[Data]
⁂

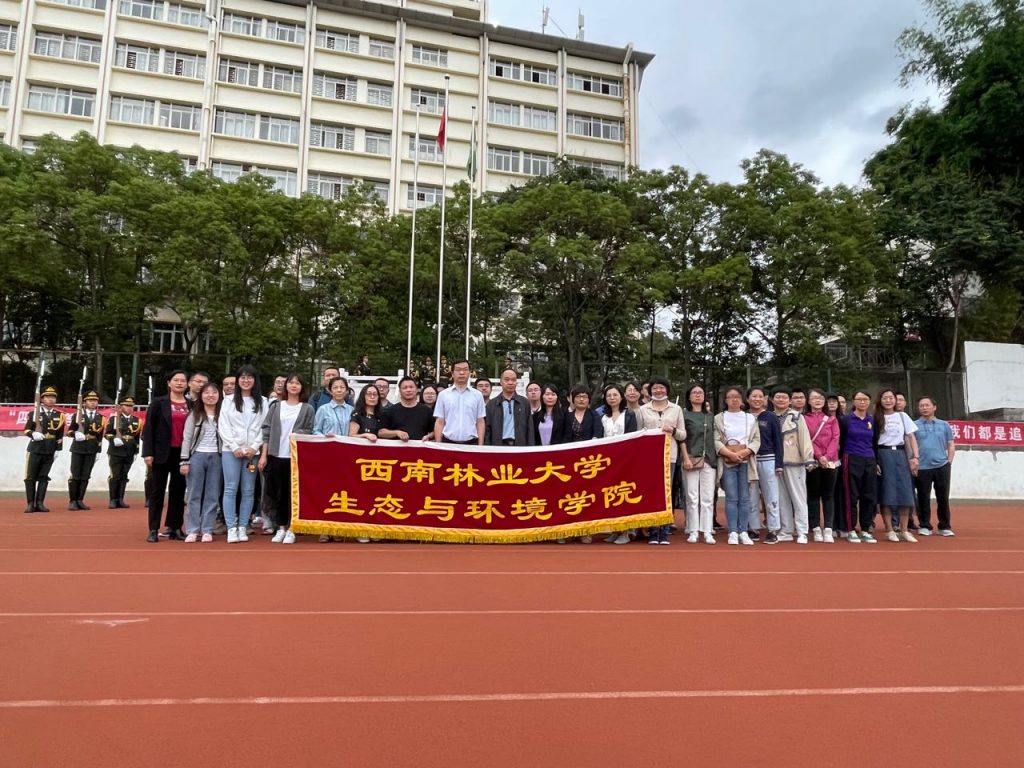 2021年6月28日,生态与环境公司全体师生、304永利集团COP15志愿者一起在老校区田径场举行“百年征程路,奋进新时代”升旗仪式,升旗仪式由公司党委副书记邓志华主持。
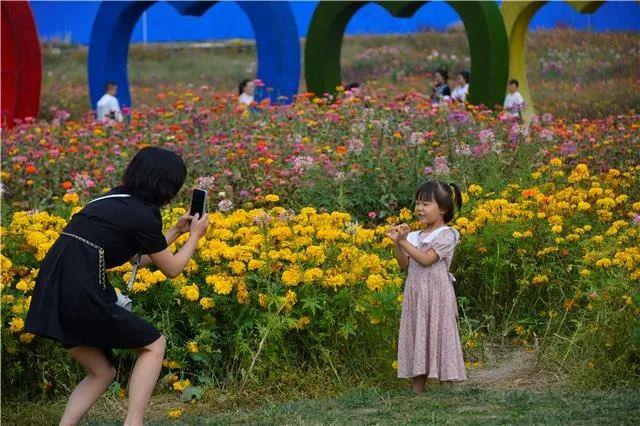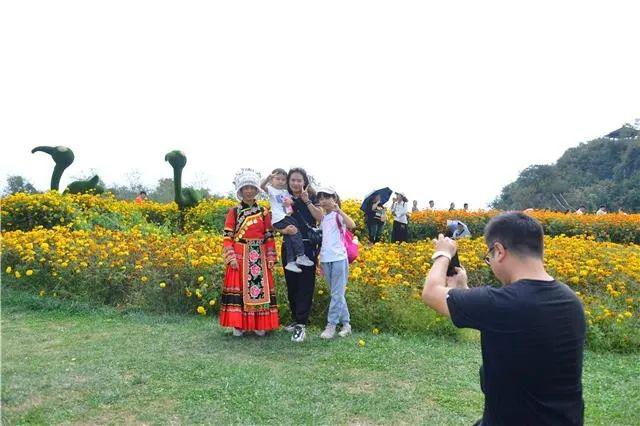 在彝山花谷景区,百日菊、孔雀草、醉蝶花争相盛开,花香四溢,五颜六色的花朵编织色彩斑斓的花海,草地里、花丛中不时传出阵阵欢声笑语,全家人乐享惬意亲子时光。
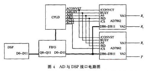系统要求对4路频率为16 kHz 的模拟信号进行同时采样,采样时不 能有相位差。AD7862虽然有4路模 拟输入通道,然而内部只有两个 ADC,即每片A/D只能同时采样两 路模拟信号,因此系统中采用了两 片AD7862来完成对模拟信号的采 样[3]。A/D与DSP接口如图4所 示。

⁂

[Exercise details] The copy must begin at the line containing "在彝山花谷景区,百日菊、孔雀" and end at the last line of the data above, with every line retyped exactly and no pictures included.

[Reply]
 在彝山花谷景区,百日菊、孔雀草、醉蝶花争相盛开,花香四溢,五颜六色的花朵编织色彩斑斓的花海,草地里、花丛中不时传出阵阵欢声笑语,全家人乐享惬意亲子时光。
系统要求对4路频率为16 kHz 的模拟信号进行同时采样,采样时不 能有相位差。AD7862虽然有4路模 拟输入通道,然而内部只有两个 ADC,即每片A/D只能同时采样两 路模拟信号,因此系统中采用了两 片AD7862来完成对模拟信号的采 样[3]。A/D与DSP接口如图4所 示。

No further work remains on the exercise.